**Requirement:** Directions for the data below: repeat exactly the lines from the one with "Granule, pamlsky |" through the one with "轴向t1 (A)和t2加权磁共振扫描显示类似的描述(B)作为超声。箭头指向变形和流离失所的脊髓。M =脑脊髓膜突出;S", both included, and omit all pictures.

**Records provided:**
* * * * *

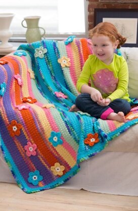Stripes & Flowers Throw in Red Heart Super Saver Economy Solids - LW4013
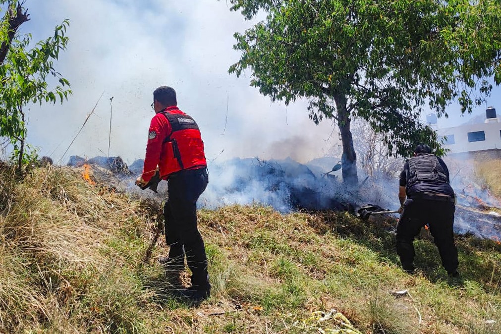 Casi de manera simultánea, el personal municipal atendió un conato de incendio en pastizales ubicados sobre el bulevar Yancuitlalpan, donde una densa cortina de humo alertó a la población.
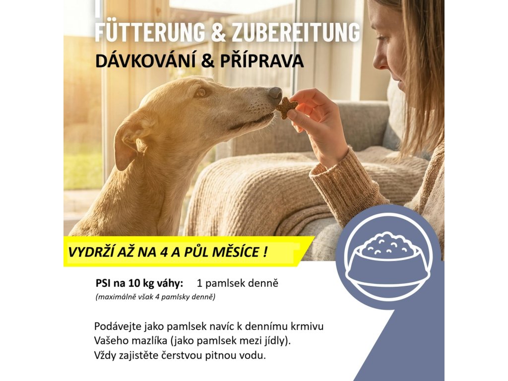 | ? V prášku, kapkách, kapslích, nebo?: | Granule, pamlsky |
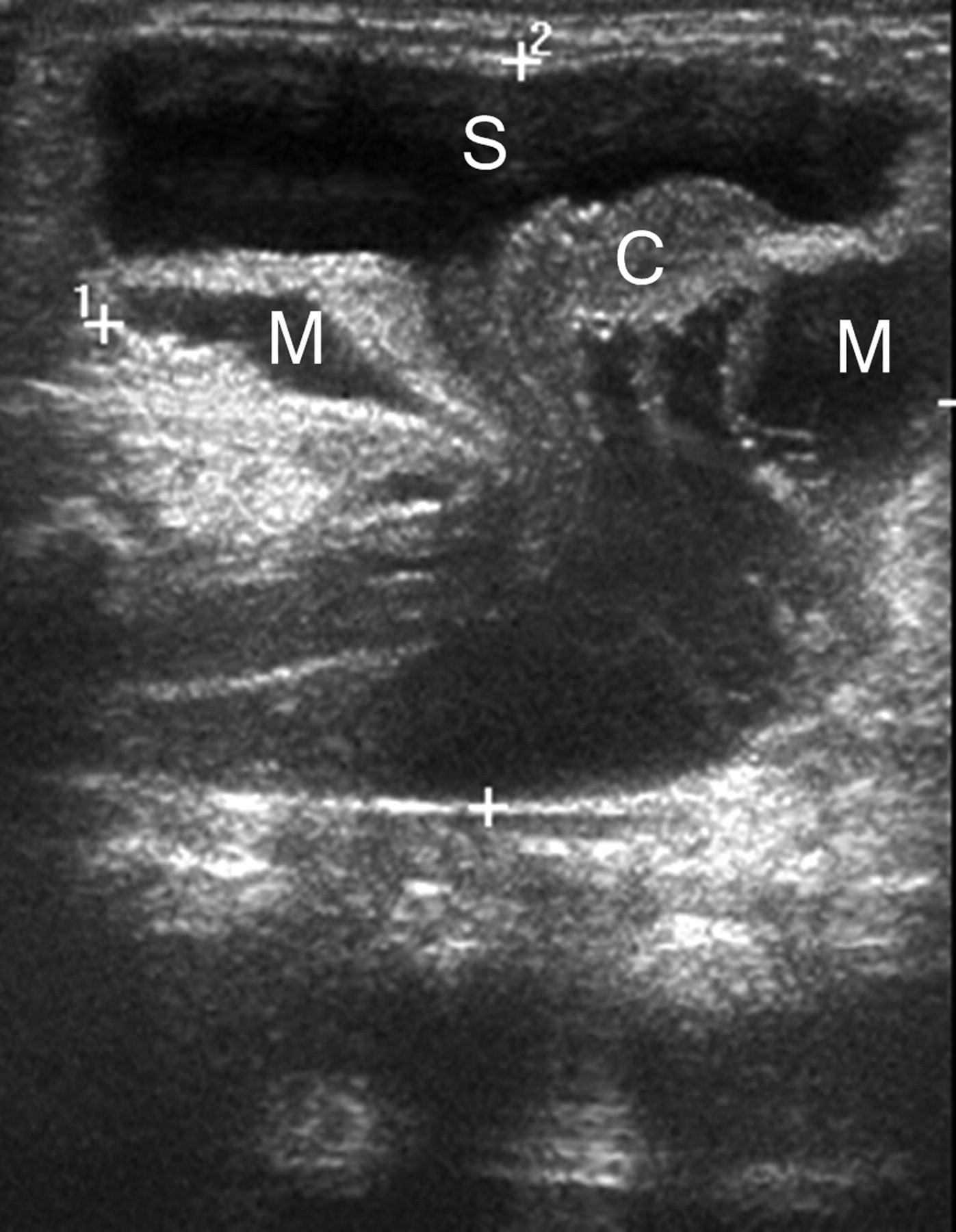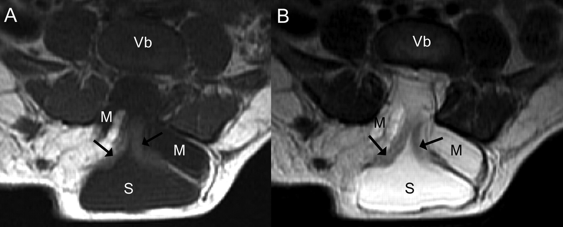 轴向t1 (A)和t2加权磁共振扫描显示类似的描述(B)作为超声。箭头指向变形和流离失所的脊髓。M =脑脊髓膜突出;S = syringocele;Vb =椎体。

* * * * *

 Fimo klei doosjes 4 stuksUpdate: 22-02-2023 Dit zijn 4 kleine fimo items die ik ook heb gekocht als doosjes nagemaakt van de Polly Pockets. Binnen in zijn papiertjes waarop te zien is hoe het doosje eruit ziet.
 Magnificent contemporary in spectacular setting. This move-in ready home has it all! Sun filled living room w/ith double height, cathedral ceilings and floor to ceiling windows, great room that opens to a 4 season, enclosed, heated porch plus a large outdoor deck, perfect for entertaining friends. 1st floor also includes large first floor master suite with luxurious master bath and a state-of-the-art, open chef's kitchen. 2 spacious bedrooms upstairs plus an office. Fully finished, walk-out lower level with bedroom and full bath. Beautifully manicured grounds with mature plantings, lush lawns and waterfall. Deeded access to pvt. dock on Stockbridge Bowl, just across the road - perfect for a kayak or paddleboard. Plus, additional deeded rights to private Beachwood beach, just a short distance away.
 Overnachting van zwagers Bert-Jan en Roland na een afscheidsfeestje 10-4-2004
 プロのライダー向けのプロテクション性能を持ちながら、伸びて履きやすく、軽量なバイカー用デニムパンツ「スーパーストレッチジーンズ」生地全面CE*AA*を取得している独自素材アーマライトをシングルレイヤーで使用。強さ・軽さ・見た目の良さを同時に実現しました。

* * * * *

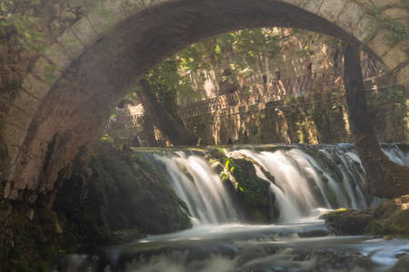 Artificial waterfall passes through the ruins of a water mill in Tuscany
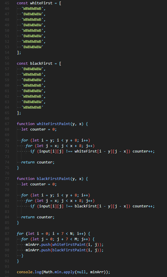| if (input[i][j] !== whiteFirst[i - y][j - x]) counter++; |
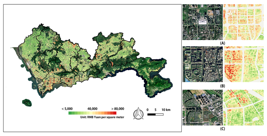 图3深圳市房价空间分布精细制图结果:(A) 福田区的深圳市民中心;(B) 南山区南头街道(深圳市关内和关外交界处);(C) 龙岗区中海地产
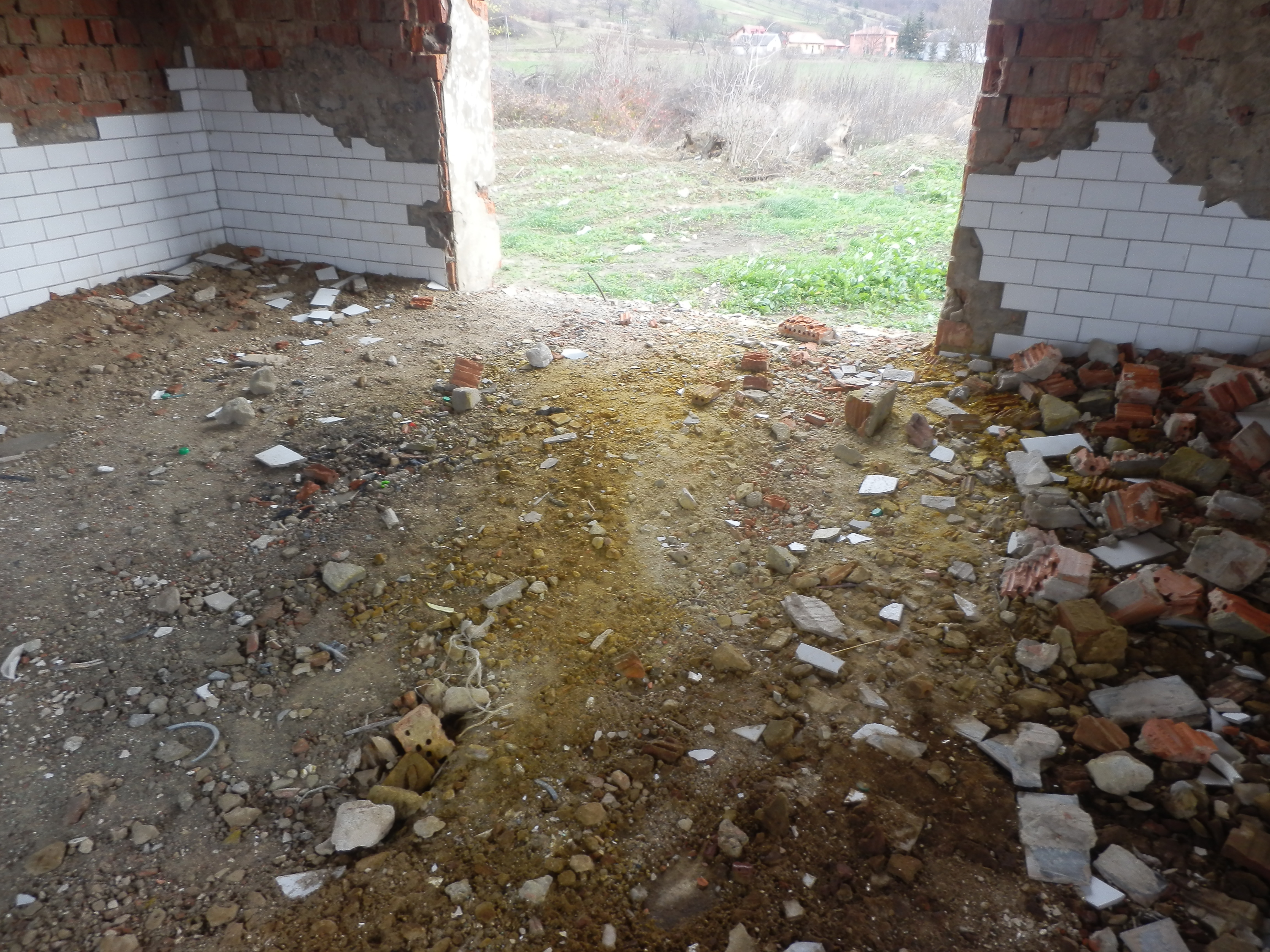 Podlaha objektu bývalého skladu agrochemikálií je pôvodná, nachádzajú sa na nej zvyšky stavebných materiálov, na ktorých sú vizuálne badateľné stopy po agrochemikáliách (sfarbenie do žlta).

* * * * *

**Answer to this exercise:**
 | ? V prášku, kapkách, kapslích, nebo?: | Granule, pamlsky |
 轴向t1 (A)和t2加权磁共振扫描显示类似的描述(B)作为超声。箭头指向变形和流离失所的脊髓。M =脑脊髓膜突出;S = syringocele;Vb =椎体。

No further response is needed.